The weather didn’t cooperate at all.
It was cold, overcast and rainy for all of the four days we’d set aside before the show, so much for working poolside. We setup in the lobby and because fixtures with much of the staff who would accommodate us as best they could. The hotel was incredibly busy with various convention attendees but by Friday afternoon it was a virtual ghost town. Amazing to see the transition.
Over the week we ate at all three of the hotel restaurants and even from PEETS ™ who has a decent selection of sandwiches but terrible coffee. Bad coffee was the running joke for the week, we even tried using Uber Eats to get some better stuff delivered and it was no use.
I think its funny when you’re talking to someone local— they tell you maybe you don’t like the coffee because “west coast coffee is different than east coast coffee” as if I’d never been to the west coast before.
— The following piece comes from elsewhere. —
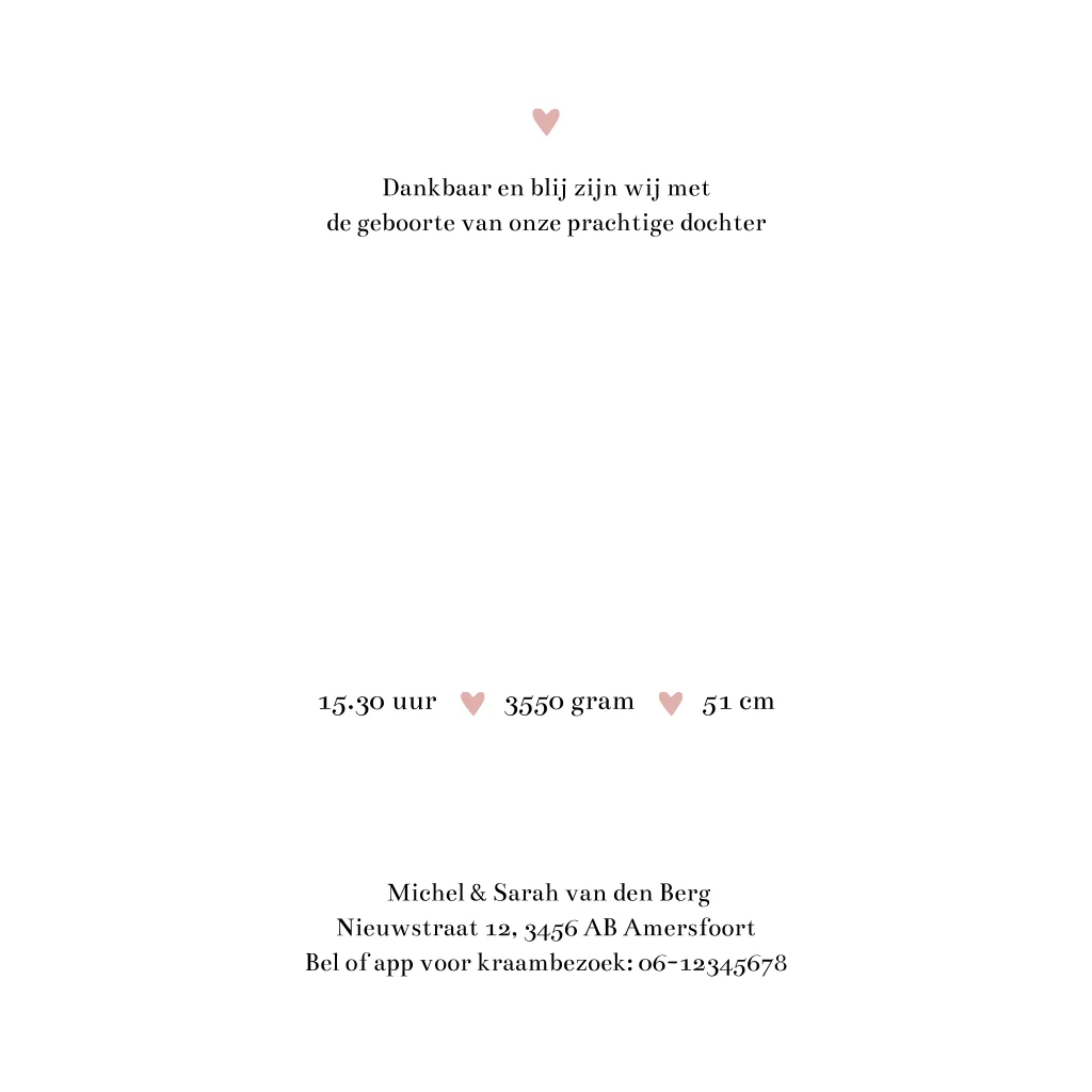 Een klassiek en lief geboortekaartje voor een meisje met een lint. De kaart heeft een witte achtergrond en hartjes in rosefolie en oudroze. Het zijden lint mag je er nog los bij bestellen en is beschikbaar in verschillende kleuren.

I don’t think this was rocket science, we were in an area with nothing but the convention center around it. If you came and stayed at my house for a week with no car you have a market and a pizza place about 10 mins away and neither place has decent coffee.
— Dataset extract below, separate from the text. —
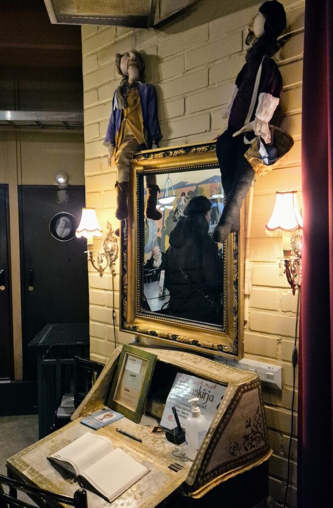 Siisti talvipukeutuminen on välillä haaste. Sitä kun saattaa alkaa paleltaa, jos ei kulje michelin-ukkona paikasta toiseen. Kerrospukeutuminen auttaa paljon ja itselläni on aina yllä lämpimät villapaidat, lämpösukat ja farkkujen alla lämmittävä kerros, jos en ole toppavehkeissä. Myönnän, että turhamainen minä valitsi Jyväskylän reissulle farkut ja suorat housut, en toppahousuja, jotka kulkivat kyllä käyttämättöminä matkalaukussa mukana. Kerrostamisesta huolimatta erityisesti la-iltana oli vilakka kävellä takaisin asunnolle, kun ensin oli istuttu lämpimässä teattarissa, syöty mahat pullolleen ja piipahdettu pubissa.

But back to the trip— we continued to work in the lobby, food at the sushi bar nearby was weak, and I think our best meal came from an Uber delivery from a deli about 40 minutes away.
Saturday other comic collectors started to arrive and there was even some really major trading going on in the lobby— I saw some $10-$20k books being bandied about.
Sunday was the day of the show— we had to get a big pile of boxes that had been FedEx’d in to the convention center so we were up early to setup our booth. The show itself was small by today’s convention standards but bigger than I had expected. This was a pure comic book show— no Pop figures, no cosplayers, no toys or collectibles, just comics.
I managed to pickup at BATMAN #2 and a BATMAN #6 both from the early 1940s as well as a good pile of other assorted 1940s books.
The boys did well and it was a successful show overall.